AIM OF THE EXERCISE:
When the records are reproduced, each one must match exactly, and no picture may be kept.

DATA SUPPLIED:
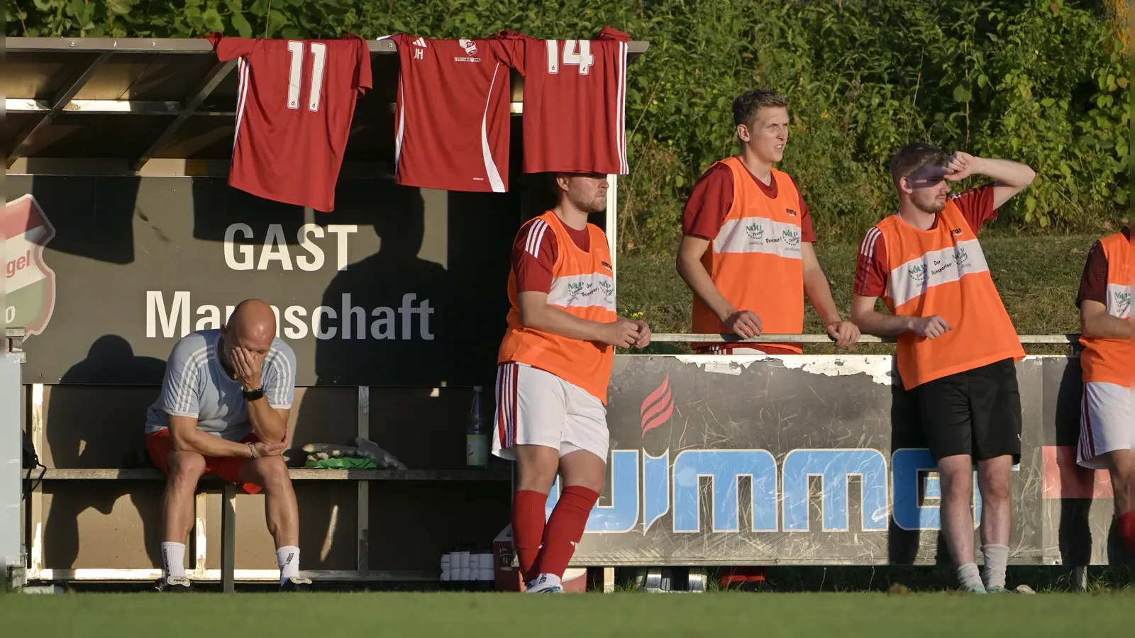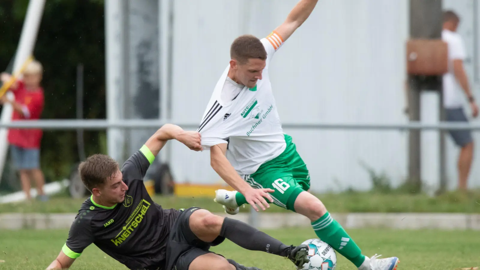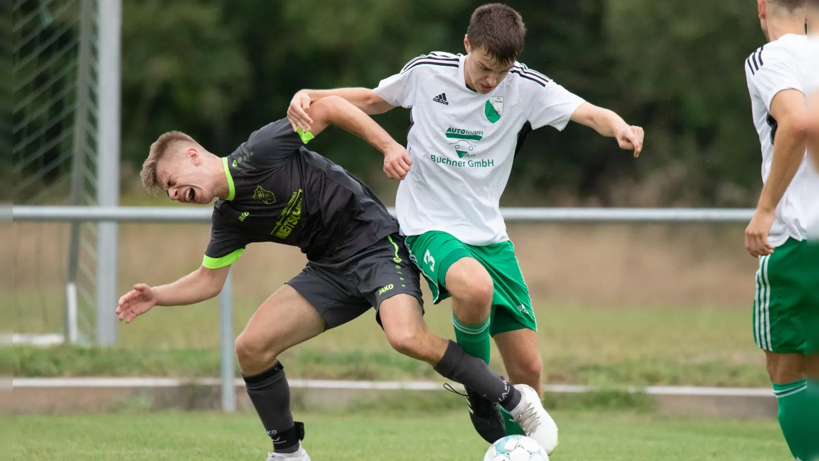 Da bläst Steinachgrunds Torwart Daniel Himmrich die Backen ganz dicke auf, den Ball fängt er trotzdem ganz locker vor dem Bucher Jens Wartenfelser (links) ab, beobachtet von SVG-Spieler Giancarlo Ramirez (Nr. 7). Die Landesliga-Partie gewann Gastgeber Steinachgrund mit 4:2. (Foto: Martin Rügner)
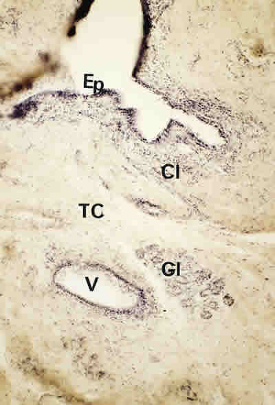 BIOPSIA EN UN PACIENTE CON SS1-GRADO I. LAS CÉLULAS INFLAMATORIAS (CI) ESTÁN DISPERSAS POR TODO EL TEJIDO CONECTIVO (TC), ALREDEDOR DE LOS VASOS SANGUÍNEOS (V), EN POSICIÓN SUBEPITELIAL (Ep) Y ALREDEDOR DE LOS ACINOS GLANDULARES (GD). TINCIÓN H-E. MAGNIFICACIÓN ORIGINAL X20.
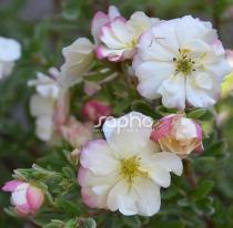 Цветки махровые, сливочные-белые с розовой окантовкой, крупные, диаметром 5см.
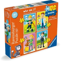 Can you identify their profession based on their uniform and equiptment related to their jobs? Ravensburger 4 in a box kids puzzles are crafted with premium quality materials.
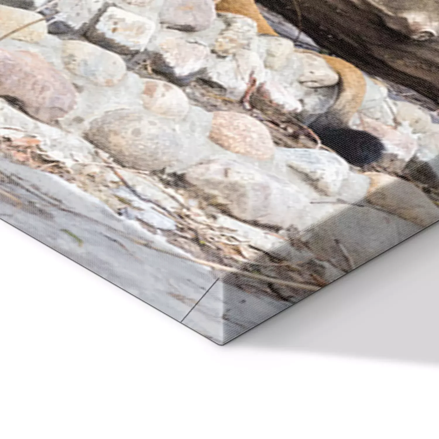 De print wordt aangebracht op hoogwaardig canvas dat op een schildersweefgetouw (spieraam) wordt gespannen. Omdat de print de zijranden bedekt, hoeft het ontwerp niet met een extra kader te worden omlijst. Wij raden ook composities aan die uit meerdere foto's bestaan en zo een coherente compositie vormen.
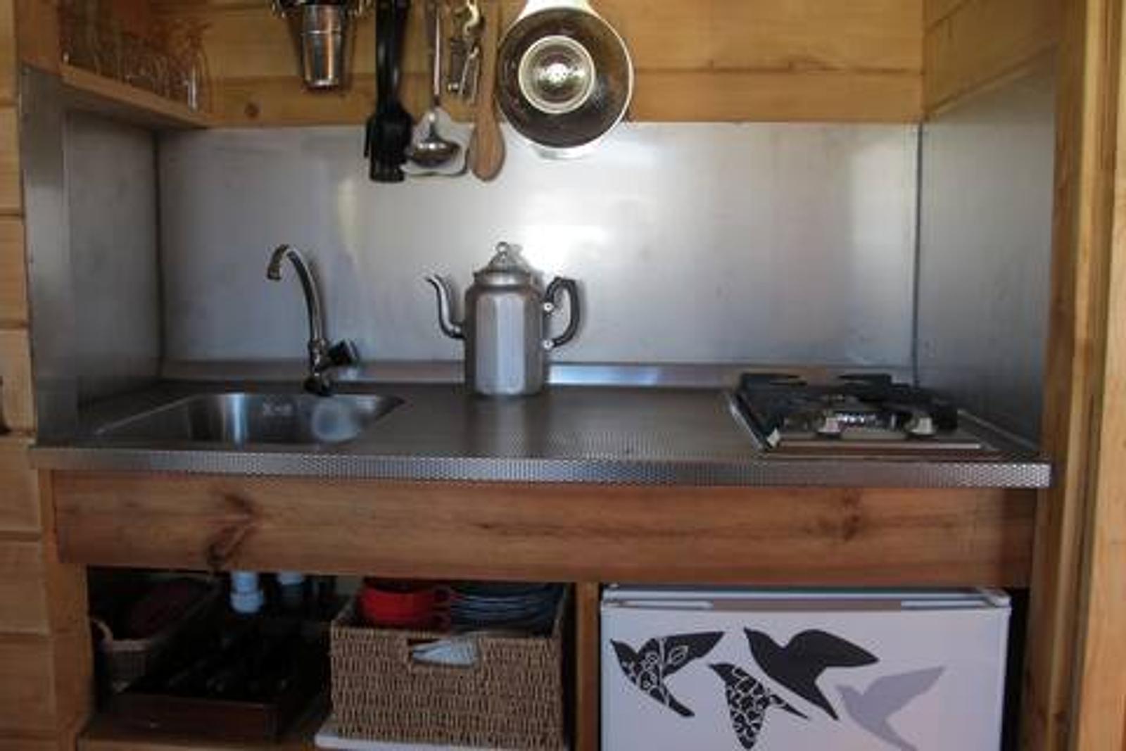 Voor toilet en douche maakt u gebruik van het gemeenschappelijke sanitairgebouw van de camping, dat zich vlak achter de blokhut bevindt. Zo combineert u het charmegevoel van een blokhut met het gemak van goede campingfaciliteiten.

YOUR SOLUTION:
 Da bläst Steinachgrunds Torwart Daniel Himmrich die Backen ganz dicke auf, den Ball fängt er trotzdem ganz locker vor dem Bucher Jens Wartenfelser (links) ab, beobachtet von SVG-Spieler Giancarlo Ramirez (Nr. 7). Die Landesliga-Partie gewann Gastgeber Steinachgrund mit 4:2. (Foto: Martin Rügner)
 BIOPSIA EN UN PACIENTE CON SS1-GRADO I. LAS CÉLULAS INFLAMATORIAS (CI) ESTÁN DISPERSAS POR TODO EL TEJIDO CONECTIVO (TC), ALREDEDOR DE LOS VASOS SANGUÍNEOS (V), EN POSICIÓN SUBEPITELIAL (Ep) Y ALREDEDOR DE LOS ACINOS GLANDULARES (GD). TINCIÓN H-E. MAGNIFICACIÓN ORIGINAL X20.
 Цветки махровые, сливочные-белые с розовой окантовкой, крупные, диаметром 5см.
 Can you identify their profession based on their uniform and equiptment related to their jobs? Ravensburger 4 in a box kids puzzles are crafted with premium quality materials.
 De print wordt aangebracht op hoogwaardig canvas dat op een schildersweefgetouw (spieraam) wordt gespannen. Omdat de print de zijranden bedekt, hoeft het ontwerp niet met een extra kader te worden omlijst. Wij raden ook composities aan die uit meerdere foto's bestaan en zo een coherente compositie vormen.
 Voor toilet en douche maakt u gebruik van het gemeenschappelijke sanitairgebouw van de camping, dat zich vlak achter de blokhut bevindt. Zo combineert u het charmegevoel van een blokhut met het gemak van goede campingfaciliteiten.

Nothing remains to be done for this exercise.